**RECORDED DATA**:
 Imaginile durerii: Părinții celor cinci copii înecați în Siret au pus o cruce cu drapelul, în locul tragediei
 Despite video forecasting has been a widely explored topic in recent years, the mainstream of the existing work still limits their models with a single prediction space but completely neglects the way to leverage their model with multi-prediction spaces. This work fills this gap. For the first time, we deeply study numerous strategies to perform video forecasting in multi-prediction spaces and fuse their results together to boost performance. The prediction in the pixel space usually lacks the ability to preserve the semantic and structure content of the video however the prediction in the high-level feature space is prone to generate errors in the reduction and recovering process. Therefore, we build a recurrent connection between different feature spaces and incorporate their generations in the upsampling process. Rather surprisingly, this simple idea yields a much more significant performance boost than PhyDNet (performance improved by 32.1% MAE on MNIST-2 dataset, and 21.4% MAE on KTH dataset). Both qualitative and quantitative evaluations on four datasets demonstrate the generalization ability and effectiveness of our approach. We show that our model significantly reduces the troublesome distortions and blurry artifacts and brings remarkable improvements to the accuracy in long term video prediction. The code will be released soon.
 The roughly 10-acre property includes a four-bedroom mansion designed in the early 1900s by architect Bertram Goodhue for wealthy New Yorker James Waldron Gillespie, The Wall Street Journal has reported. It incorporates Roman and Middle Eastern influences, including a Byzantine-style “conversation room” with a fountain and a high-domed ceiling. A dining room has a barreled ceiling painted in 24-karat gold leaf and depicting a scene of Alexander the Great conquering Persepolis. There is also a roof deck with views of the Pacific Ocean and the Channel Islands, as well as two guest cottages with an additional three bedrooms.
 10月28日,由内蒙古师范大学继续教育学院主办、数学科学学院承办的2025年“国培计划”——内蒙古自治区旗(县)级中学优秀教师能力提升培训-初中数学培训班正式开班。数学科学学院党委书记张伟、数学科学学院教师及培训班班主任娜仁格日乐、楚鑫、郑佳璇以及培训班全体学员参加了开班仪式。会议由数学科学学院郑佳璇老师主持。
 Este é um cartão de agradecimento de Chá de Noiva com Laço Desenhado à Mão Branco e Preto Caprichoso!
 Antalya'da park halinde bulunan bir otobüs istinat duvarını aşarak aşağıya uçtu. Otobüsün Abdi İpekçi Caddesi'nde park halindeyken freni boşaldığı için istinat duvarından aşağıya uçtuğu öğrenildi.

---

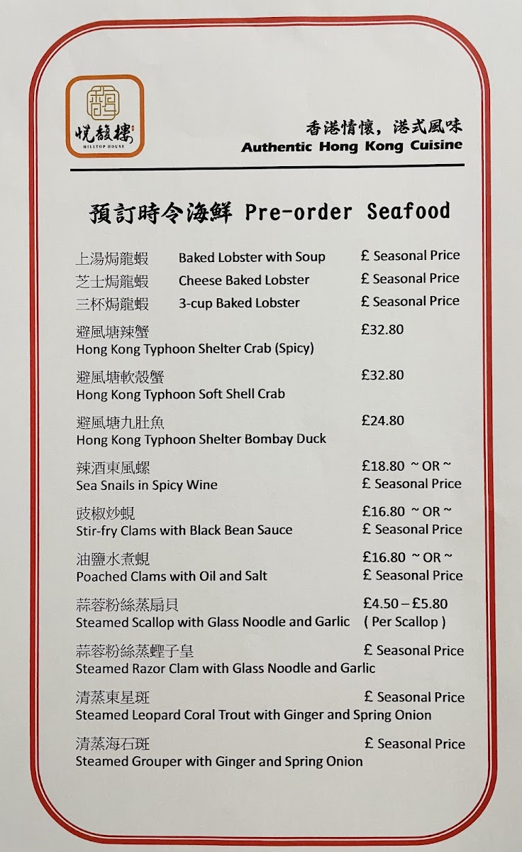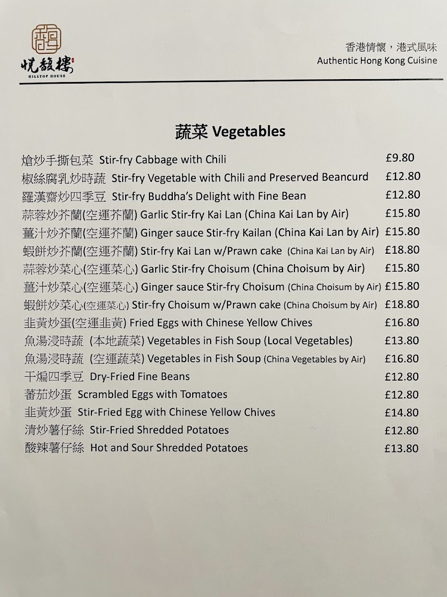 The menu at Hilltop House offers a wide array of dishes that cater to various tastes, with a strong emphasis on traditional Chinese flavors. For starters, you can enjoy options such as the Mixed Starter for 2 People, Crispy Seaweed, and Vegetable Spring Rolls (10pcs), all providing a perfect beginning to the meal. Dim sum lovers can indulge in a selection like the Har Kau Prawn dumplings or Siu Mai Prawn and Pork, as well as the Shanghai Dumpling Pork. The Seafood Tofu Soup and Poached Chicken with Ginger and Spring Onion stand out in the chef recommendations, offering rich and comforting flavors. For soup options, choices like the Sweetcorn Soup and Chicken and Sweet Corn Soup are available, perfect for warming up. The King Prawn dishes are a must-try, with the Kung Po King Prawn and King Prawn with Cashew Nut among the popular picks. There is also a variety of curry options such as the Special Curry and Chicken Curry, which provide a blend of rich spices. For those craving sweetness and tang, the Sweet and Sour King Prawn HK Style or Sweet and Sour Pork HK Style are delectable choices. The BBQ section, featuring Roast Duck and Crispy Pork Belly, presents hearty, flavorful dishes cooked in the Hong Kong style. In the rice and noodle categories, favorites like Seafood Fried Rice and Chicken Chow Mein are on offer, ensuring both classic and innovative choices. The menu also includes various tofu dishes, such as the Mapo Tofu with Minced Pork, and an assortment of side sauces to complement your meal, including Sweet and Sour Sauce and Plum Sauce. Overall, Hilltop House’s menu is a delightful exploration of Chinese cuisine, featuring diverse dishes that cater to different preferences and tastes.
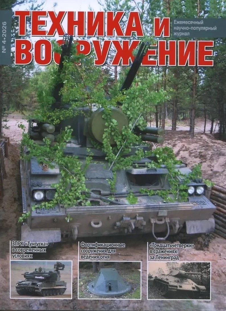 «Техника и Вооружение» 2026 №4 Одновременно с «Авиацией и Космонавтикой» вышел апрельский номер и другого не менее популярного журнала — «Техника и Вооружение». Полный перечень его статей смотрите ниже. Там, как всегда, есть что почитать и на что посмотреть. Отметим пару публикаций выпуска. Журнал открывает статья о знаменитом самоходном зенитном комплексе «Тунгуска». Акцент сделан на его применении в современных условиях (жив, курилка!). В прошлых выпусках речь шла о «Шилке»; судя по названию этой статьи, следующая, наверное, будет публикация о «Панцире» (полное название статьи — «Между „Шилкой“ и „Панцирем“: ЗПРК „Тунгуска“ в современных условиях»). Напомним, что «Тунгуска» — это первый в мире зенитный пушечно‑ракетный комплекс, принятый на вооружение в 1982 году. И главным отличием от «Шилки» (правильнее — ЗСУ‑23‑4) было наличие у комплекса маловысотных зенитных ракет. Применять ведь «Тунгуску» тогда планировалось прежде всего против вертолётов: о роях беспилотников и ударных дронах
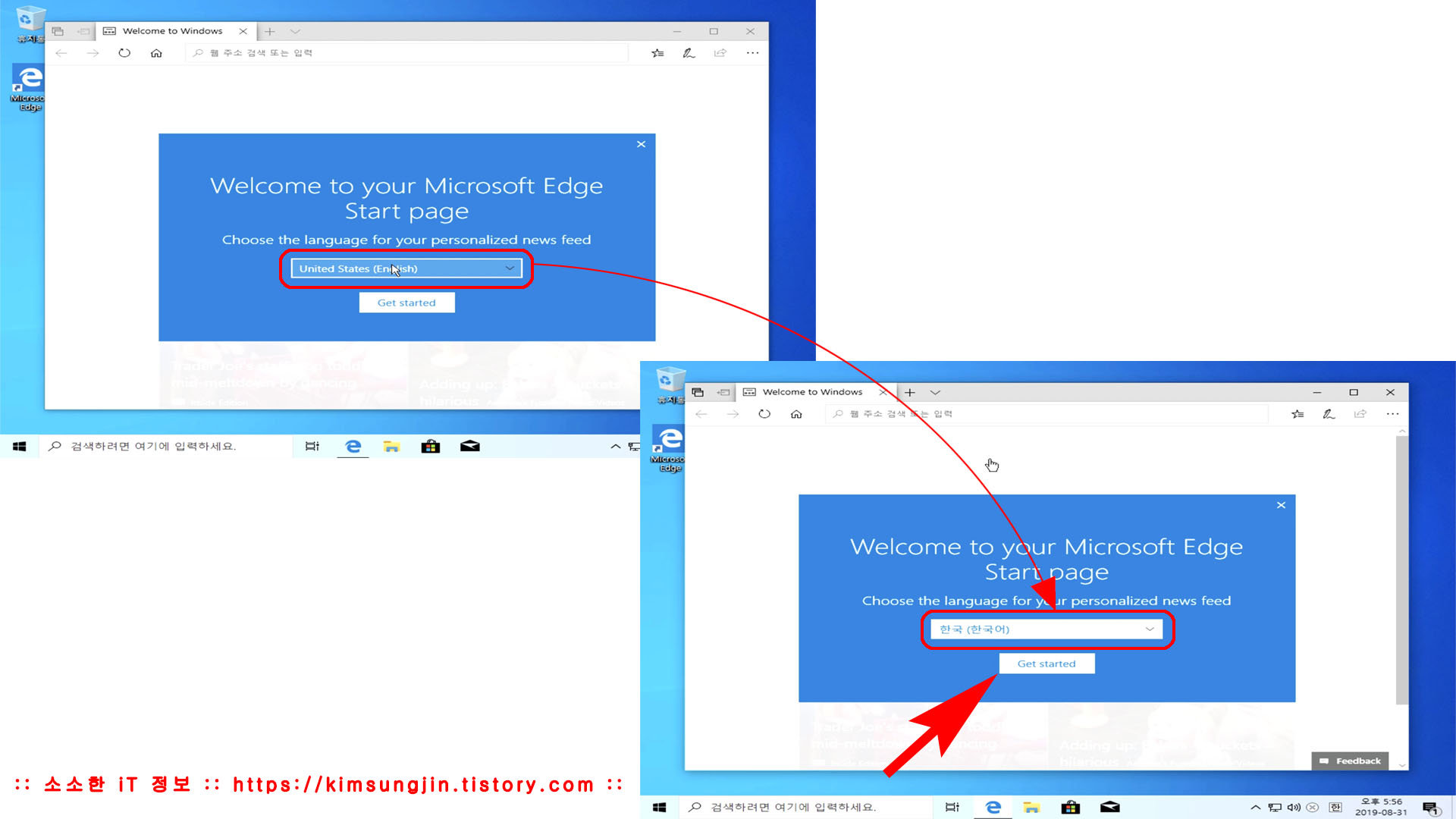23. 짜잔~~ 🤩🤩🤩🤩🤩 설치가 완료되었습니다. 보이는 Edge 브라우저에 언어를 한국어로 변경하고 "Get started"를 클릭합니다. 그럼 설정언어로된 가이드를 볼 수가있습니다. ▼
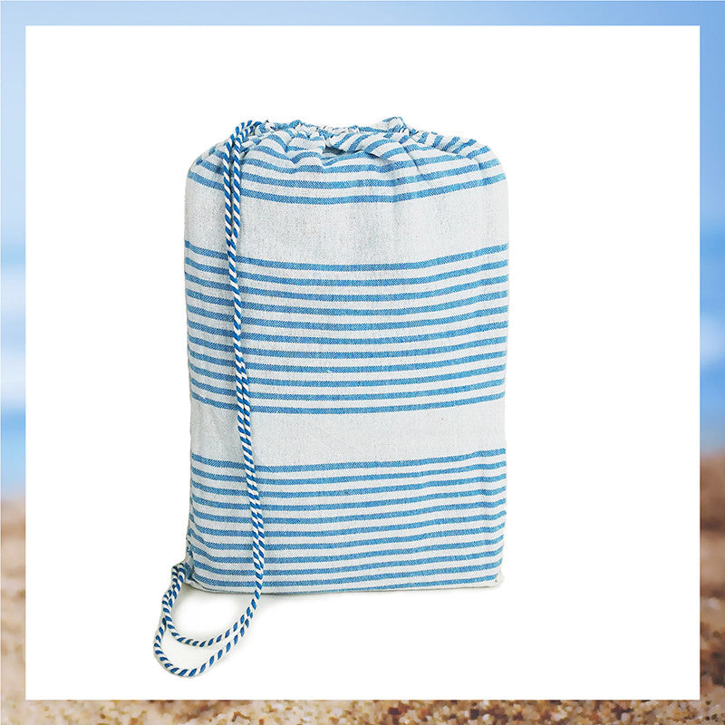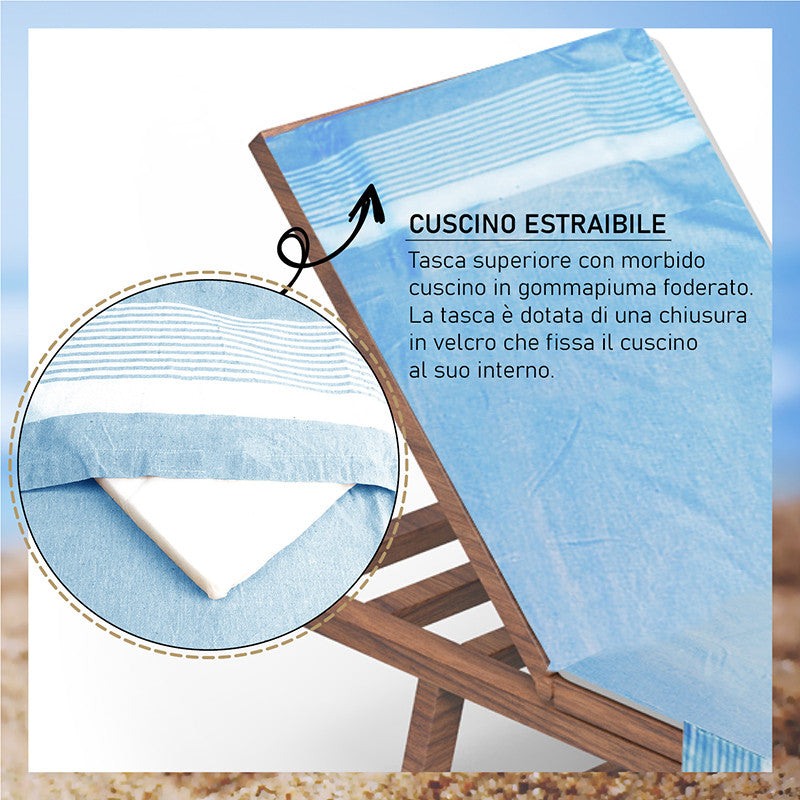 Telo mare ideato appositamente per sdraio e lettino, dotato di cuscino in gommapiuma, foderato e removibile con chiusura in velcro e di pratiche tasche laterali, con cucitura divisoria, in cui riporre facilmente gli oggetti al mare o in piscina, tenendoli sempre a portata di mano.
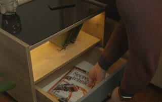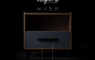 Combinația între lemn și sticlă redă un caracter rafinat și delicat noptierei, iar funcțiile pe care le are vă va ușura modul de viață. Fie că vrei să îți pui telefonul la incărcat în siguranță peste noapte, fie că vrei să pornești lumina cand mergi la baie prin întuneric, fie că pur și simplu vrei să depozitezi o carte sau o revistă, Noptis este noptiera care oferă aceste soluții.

---

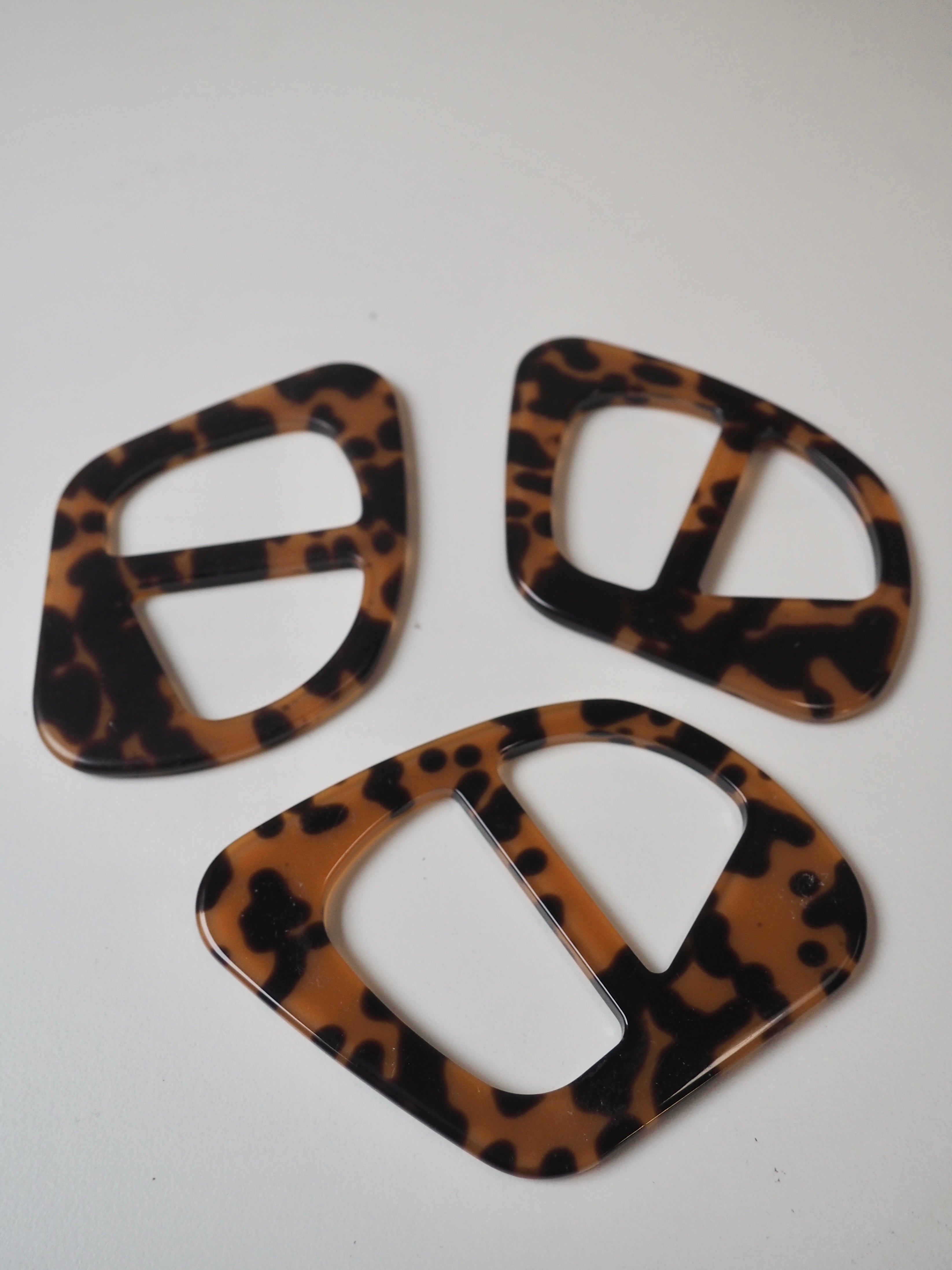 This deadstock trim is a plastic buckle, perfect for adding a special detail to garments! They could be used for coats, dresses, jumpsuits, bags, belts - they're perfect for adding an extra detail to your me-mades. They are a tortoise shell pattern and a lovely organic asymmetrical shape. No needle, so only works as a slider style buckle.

**WHAT IS EXPECTED**: Only one stretch of the listing is wanted: the lines starting at the one with "Telo mare ideato" and ending at the one with "Combinația între lemn", copied exactly and free of pictures.

**SOLUTION**:
 Telo mare ideato appositamente per sdraio e lettino, dotato di cuscino in gommapiuma, foderato e removibile con chiusura in velcro e di pratiche tasche laterali, con cucitura divisoria, in cui riporre facilmente gli oggetti al mare o in piscina, tenendoli sempre a portata di mano.
 Combinația între lemn și sticlă redă un caracter rafinat și delicat noptierei, iar funcțiile pe care le are vă va ușura modul de viață. Fie că vrei să îți pui telefonul la incărcat în siguranță peste noapte, fie că vrei să pornești lumina cand mergi la baie prin întuneric, fie că pur și simplu vrei să depozitezi o carte sau o revistă, Noptis este noptiera care oferă aceste soluții.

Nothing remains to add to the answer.